É óbvio que não devemos deixar essa percepção exterior se perder, porém são variáveis os pontos de carência e necessidade do ser. É comum a gente achar que a transferência de um componente tangível que ofertamos representa a efetiva doação para alguém, quando no fundo esse componente não representa o valor transferido. Em outras palavras, o valor material transferido é apenas o condutor da essência canalizada.

Deu pra acompanhar ou complicou? Andei falando grego aqui? Fique tranquilo, que vai clarear.

O que é preciso é saber separar o que é o componente material da beneficência com o que é a essência da caridade, que é sutil. Separar o instrumento didático, que funciona como veículo, da essencialidade. Porque para que a caridade se manifeste nós temos que pegar a sua essência, que é vibracional, e transferi-la por meio do pão, por meio de uma roupa, de um dinheiro, de um conselho, de um abraço e daí por diante.

Então, o dinheiro que se passa é instrumento didático, o prato de comida que se dá é instrumento, a informação que damos para alguém, tudo isso é instrumento. Não é a essencialidade. Toda a ação nossa no dia a dia, digamos assim, é instrumentalidade didática.

Às vezes, a pessoa vem com o dinheiro e o dinheiro não é a caridade. Com o pão dado é a mesma coisa. Esses dois componentes usados como exemplo representam instrumentos canalizadores da caridade.

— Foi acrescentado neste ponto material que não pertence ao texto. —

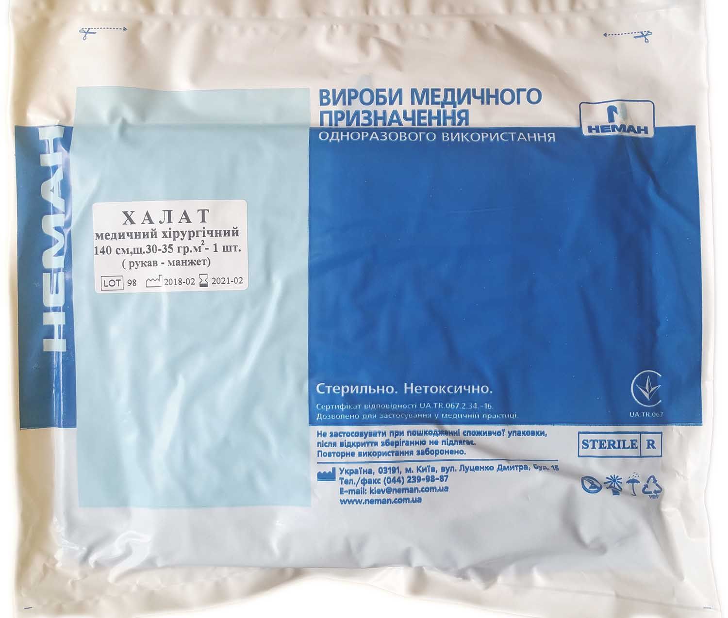 Халаты хирургические являются наиболее широко используемым видом одноразовой одежды. Как правило, халаты изготовляются из нетканых материалов плотностью 20-25 или 35-42 г/кв. м. Халаты хирургические различаются по длине (стандартные длины: 110 и 140 см. ), по типу рукава (с манжетой или на резинке). Кроме того, хирургический халат может иметь ламинированную переднюю поверхность и рукава.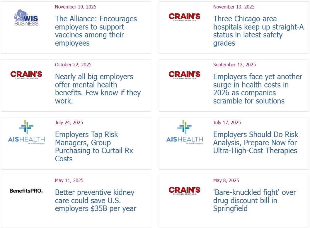 | | Employer Action Briefs & Snapshots | | | In 2025, MBGH launched five new or updated action briefs, three new snapshots and one vaccine statement. Click images to view these resources and be sure to check out all of MBGH's resources. | | In 2025, 16 articles about MBGH events, initiatives and staff were published in publications including the Chicago Tribune, Crain's Chicago Business, Benefits PRO, Employee Benefits News, MedCity News, and more. View recent articles, press releases and news on the MBGH News webpage. | | |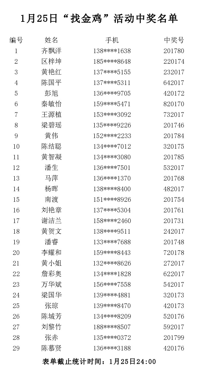 25日一共产生29位中奖人,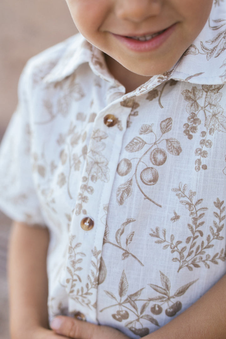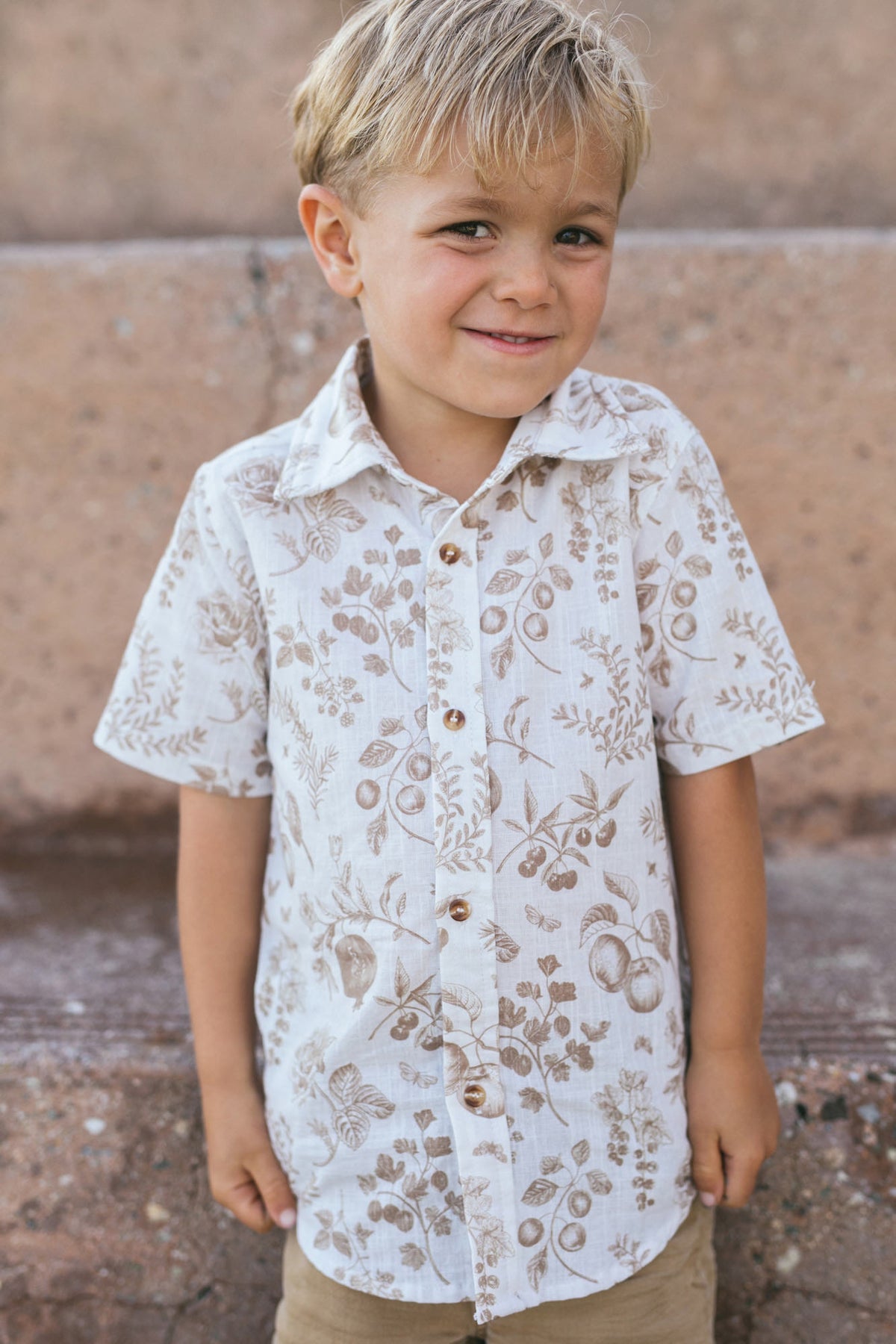 Closeup of a smiling child wearing a white floral button-down shirt with beige leaf and berry patterns.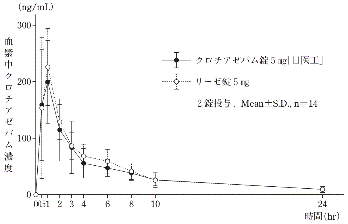 クロチアゼパム錠5mg「日医工」及びリーゼ錠5mgを、クロスオーバー法によりそれぞれ2錠(クロチアゼパムとして10mg)健康成人男子に絶食単回経口投与して血漿中クロチアゼパム濃度を測定し、得られた薬物動態パラメータ(AUC、Cmax)について統計解析を行った結果、両剤の生物学的同等性が確認された1)。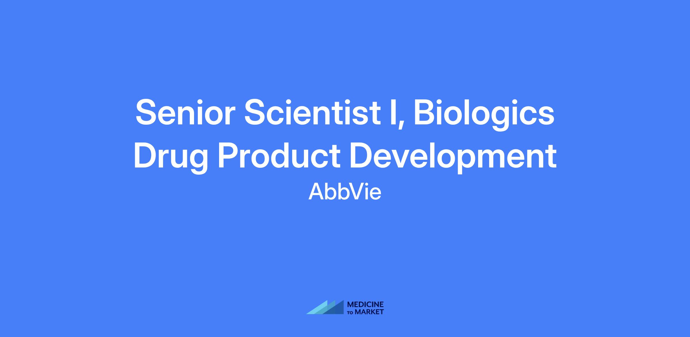 Senior Scientist I, Biologics Drug Product Development, located in North Chicago, IL. The role focuses on biologics formulation and process development, and characterization, contributing to product development and CMC teams with cross-functional collaboration.

Vão servir para direcionar a caridade que na essência não é material. Vão ser apenas os instrumentos usados para transferir a essência que é a vibração do amor manifestada naquele ato. Ficou claro agora?

O dinheiro e o pão, entre tantos outros, não são os elementos de sustentação finalística e, sim, os elementos canalizadores do amor, os componentes que vão ser usados para levarem a essencialidade. É só guardar o seguinte: a forma é instrumento didático para transferir algo. De forma que o amor manifestado, que é a essência, vai ser transferido através do dinheiro, do pão, de um abraço, de um conselho, de uma roupa, etc.

A essência da caridade

Está dando pra notar como o assunto é mais abrangente do que parece? Daí, a gente depreende que é preciso deixar essa ideia de trabalhar só na periferia. Todas as vezes que buscamos exercitar o bem de fora para dentro não deixa de ser um bem, todavia podemos classifica-lo, sem exagero, de meio bem. A caridade tem que circular nesse instrumento.

A expressão do amor ocorre não por um processo de valores tangíveis, mas por irradiação. Ok? Isso é fundamental de ser entendido, e bem entendido. O lance não é o cobertor que você doou. O recado é o sentimento que você teve, a vibração que você emitiu.

A função da caridade material

Se formos analisar bem, o que a esmola faz? Ela trabalha a intimidade do ser. A prática do bem exterior é ensinamento e apelo para que cheguemos à prática do bem interior. É instrumento operacional que condiciona nossa tendência à solidariedade e ao amor.

Quando eu noto que não tenho a sensibilidade para atender o necessitado na carência ou na fome que ele apresenta, seja de qual natureza for, ao me engajar em uma campanha eu começo a me adestrar de forma gradativa no campo da solidariedade.

Por isso, nas relações pessoais o pedido de providência material é oportuno. Faz parte do movimento de trocas na engrenagem da vida. É por aí que se dá o começo, afinal quem não exercita em dar alguma coisa dificilmente chegará um dia a doar-se. Mas um detalhe interessante: as obras da caridade material só alcançam a feição divina quando proporcionam a espiritualização do cooperador, renovando-lhe os valores íntimos.